Wednesday, October 30, 2019

Department of Dreams (review)

Spoilers Ahoy!

Some forms of art take time for the mind and soul to digest.  Department of Dreams by Jeton Neziraj (translated by Alexandra Channer) proves one of these. Set in a vaguely European nation under the rule of an unspecified dictator, the play follows the story of one Dan (John Logan) a recent employee at the title government office.

Exactly what is said Department of Dreams?  It functions as a depository of dreams, their analysis and sometimes their recycling.  Citizens turn in dreams and the interpreters decide if the dream is important or trivial.  Important dreams can reveal vital intelligence, such as plots against the government or the identity of traitors.  An Official (David E. Frank) takes Dan on a brief tour, along the way introducing Dreambuilder (Aaron Bray) who can dream others' dreams if he tortures himself enough.  He does that a lot.  Eventually he starts wandering on stage as dream versions of famous people--since his superiors want him to learn the secrets of the rich and powerful.  One wonders at a certain point whether his dreams are real any more.  It never becomes totally clear.

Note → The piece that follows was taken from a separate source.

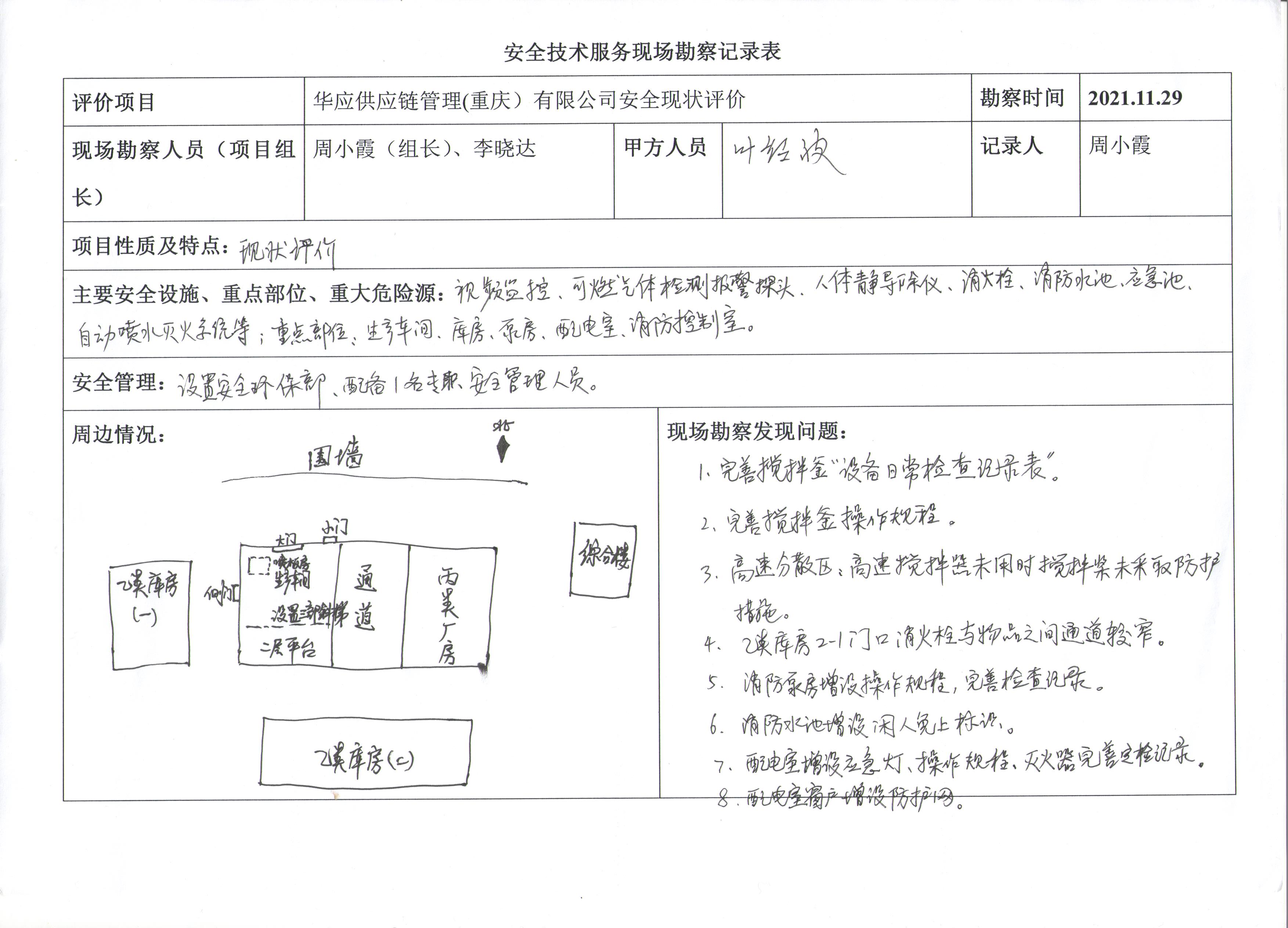 項(xiàng)目名稱 | 華應(yīng)供應(yīng)鏈管理(重慶)有限公司安全現(xiàn)狀評價 | 合同編號 | DA-(渝)-PJ-2021-005 | |||||
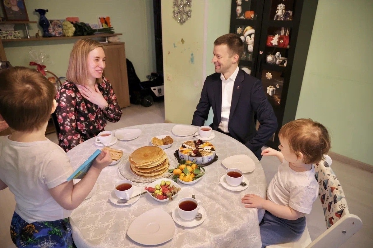 Глава Балашихи Сергей Юров вместе с "Молодой Гвардией" испек блины и передал их семье погибшего в СВО Алексея Исаева

Nothing in the Department of Dreams is clear.  One can become lost, very easily.  The rooms may shift.  Doors may appear out of seeming nowhere.  Everything in the Department is underground, in all seven floors.  No one wants to go to the Sixth Floor.  No one.  There, citizens are cleansed.  A few go to the seventh floor.  No one ever returns from there. 

The Department of course functions as a tool of repression, as well as a bureaucracy of those obsessed with their own position such as The Master (Bo Roberts) who is only answerable to The Boss (who may or may not be the President of this unknown nation).  The Master, revered above all others in the Department, proves a weak and venal old man long past his prime.  If indeed he ever had one.  As with all things dream-like, clarity remains rare.  The first person we meet , interestingly, is named Night (Angela Beyer)--seemingly haunting these halls, in a sustained state of fear.  Yet as the story begins, she remains an actress whose odd dream about two eggs puzzled Dan enough to request her interview.  He falls in love with her, to his surprise.  Is the play a flashback then?  A premonition?  Both and neither?  Either/or?  Why does the vanished Dream Interpreter Shortleg (Gifford Irvine) keep showing up after he should be dead? 

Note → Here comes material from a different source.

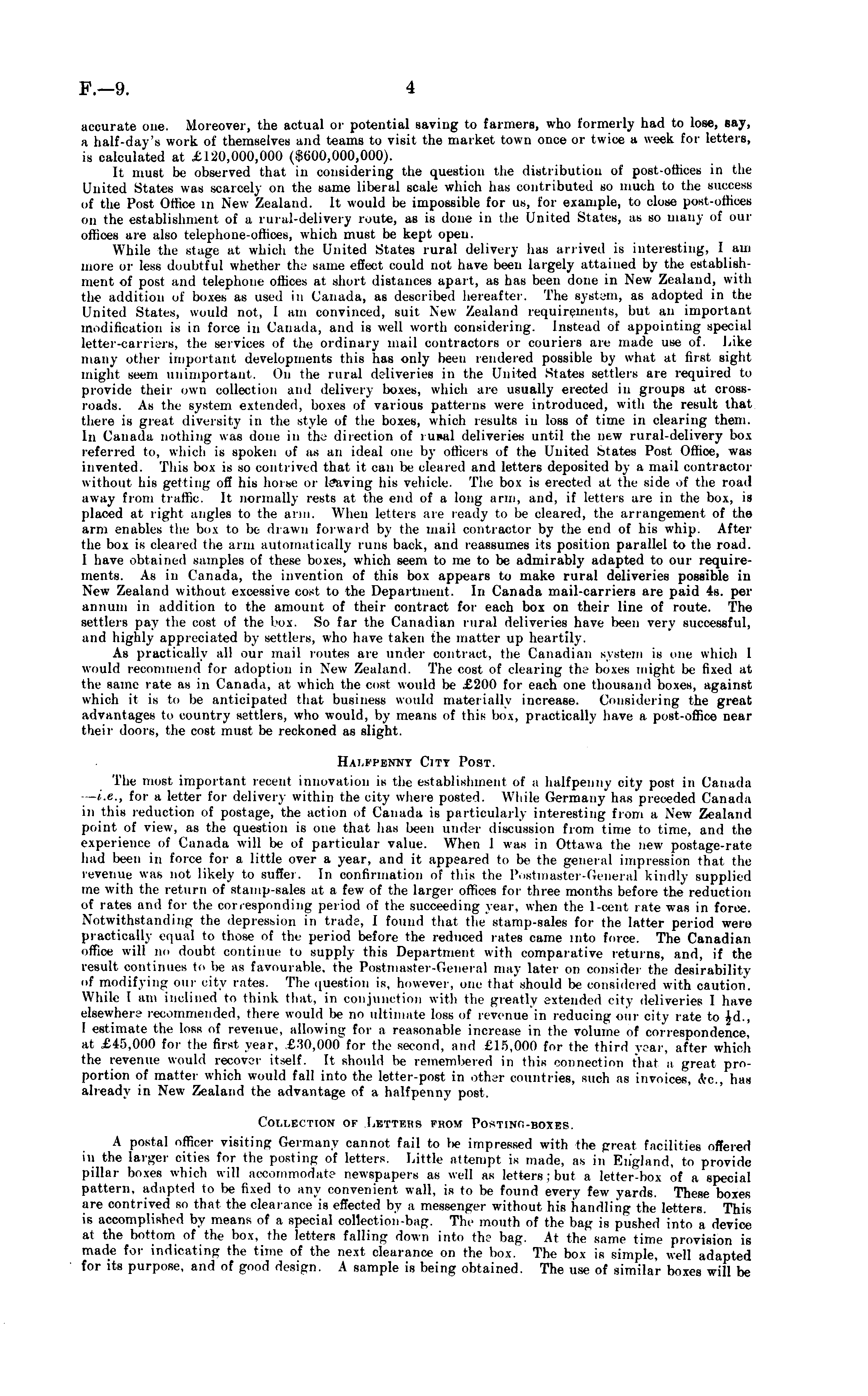 accurate one. Moreover, the actual or potential saving to farmers, who formerly had to lose, say, a half-day's work of themselves and teams to visit the market town once or twice a week for letters, is calculated at £120,000,000 ($600,000,000). It must be observed that in considering the question the distribution of post-offices in the United States was scarcely on the same liberal scale which has contributed so much to the success of the Port Otlice in New Zealand. It would be impossible for us, for example, to close post-offices on the establishment of a rural-delivery route, as is done in the United States, as bo many of our offioei are also telephone-offices, whicli must be kept open. While the Btage at which the United States rural delivery lias arrived is interesting, I am more or less doubtful whether the same effect could not have been largely attained by the establishment of post and telephone offices at short distances apart, as has been done in New Zealand, with the addition of boxes as used in Canada, as described hereafter. The system, as adopted in the United States, would not, I am convinced, suit New Zealand requirements, but an important modification is in force in Canada, and is well worth considering. Instead of appointing special letter-carriers, the services of the ordinary mail contractors or couriers are made use of. Like many other important developments this has only been rendered possible by what at first sight might seem unimportant. On the rural deliveries in the United State! settlers are required to provide their own collection and delivery boxes, which are usually erected in groups at crossroads. As the system extended, boxes of various patterns were introduced, with the result that there is great diversity in the style of the boxes, whicli results in loss of time in clearing them. In Canada nothing was done in the direction of 1 unal deliveries until the new rural-delivery box referred to, which is spoken of as an ideal one by officers of the United States I'ost Office, was invented. This box is so contrived that it can be cleared and letters deposited by a mail contractor without his getting off his home or Id&Tillg his vehicle. The box is erected at the side of the road away from traffic. It normally rests at the end of a long arm, and, if letters are in the I>"\, is placed at right angles to the arm. When letters are ready to be cleared, the arrangement of the arm enables the box to l>c drawn forward by the mail contractor by the end of his whip. After the box is cleared the arm automatic-ally runs back, and reassumes its position parallel to the road. I have obtained samples of these boxes, which seem to me to be admirably adapted to our requirements. As in Canada, the invention of this box appears to make rural deliveries possible in New Zealand without excessive cost to the Department. In Canada mail-carriers are paid 4s. per annum in addition to the amount of their contract for each box on their line of route. The settlers pay the cost of the box. So far the Canadian rural deliveries have been very successful, and highly appreciated by settlers, who have taken the matter up heartily. As practically all our mail routes are under oontraot, the Canadian system is one which 1 would recommend for adoption in New Zealand. The cost of clearing the boxes might be fixed at the same rate as in Canada, at whicli the cost would be £200 for each one thousand boxes, against which it is to be anticipated that business would materially increase. Considering the great advantages to country settlers, who would, by means of this box, practically have a post-office near their doors, the cost must be reckoned as slight. Halfpenny City Post. The most important recent innovation is the establishment of a halfpenny city post in Canada i.e., for a letter for delivery within the city where posted. While Germany has preceded Canada in this reduction of postage, the action of Canada is particularly interesting from a New Zealand point of view, as the question is one that has Imvii under discussion from time to time, and the experience of Canada will be of particular value. When J was in Ottawa the new postage-rate hail Ik<ii in force for a little over a year, and it appeared to be the general impression that the revenue was not likely to suffer. In confirmation of this the Postmaster-General kindly supplied me with the return of stamp-sales at a few of the larger offices for three months before the reduction of rates ami for the corresponding period of the succeeding year, when the I-cent rate was in force. Notwithstanding the depression in trade, I found thai the etamp-sales for the latter period were practically equal to those of the period before the reduced rates came into foroe. The Canadian office will no doubt continue to supply this Department with comparative returns, and, if the result continues to !„• as favourable, the Postmaster-General may later on consider the desirability of modifying our city rates. The question is, however, one that should be considered with caution. While I am inclined to think that, in conjunction with the greatly extended city deliveries I have elsewhere recommended, there would be no ultimate loss of revenue in reducing our city rate to Ad., I estimate the loss of revenue, allowing for a reasonable increase in the volume of correspondence, at £46,000 for the first year, L-.'i0,000 for the second, and £15,000 for the third year, after which the revenue would recover itself. It should lie remembered in this connection that a great proportion of matter which would fall into the letter-post in other countries, such as invoices, etc., has already in New Zealand the advantage of a halfpenny post. Collection ok Letters fhom Postinc-boxes. A postal officer visiting Germany cannot fail to be impressed with the great facilities offered in the larger cities for the posting of letters. Little attempt is made, as in England, to provide pillar

What one (or at least this one) comes away with is the consequences of seeing our imagination as the last thing remaining to be taken over by the State.  One the one hand, such seems one of the cruelest of all possible slaveries--to control and weaponize our very dreams, the whirling mass as emotions and weird realities below/under/behind our conscious minds.  A place where anything is possible.  Chaos in other words.  Maybe even Hell.  Or turned into a workable version of it.  A vision we must take and interpret as we see fit, through the lens of our own consciousness, our own history and perceptions.

Just like dreams.

Just like all art when you think on it.  The characters at times even seem to recognize they are in a stage play--until we learn that part, i.e. them perceiving the truth--turns out to be part of a dream.  Not that most care about anything existential, not when that very dream could be used as evidence to destroy a rival.

The cast entire does the fine job I frankly have come to expect from City Garage, with Frederique Michel's direction showing wonderful insight, most of all in terms of casting, while an extra nod should go to Gaston Vinas' graphic animations (you'll have to see the show to see what I mean).

Department of Dreams plays Fridays and Saturdays at 8pm, Sundays at 3pm until December 8, 2019 at the City Garage, Bergamot, T1 Space, 2525 Michigan Ave., Santa Monica, CA 90404.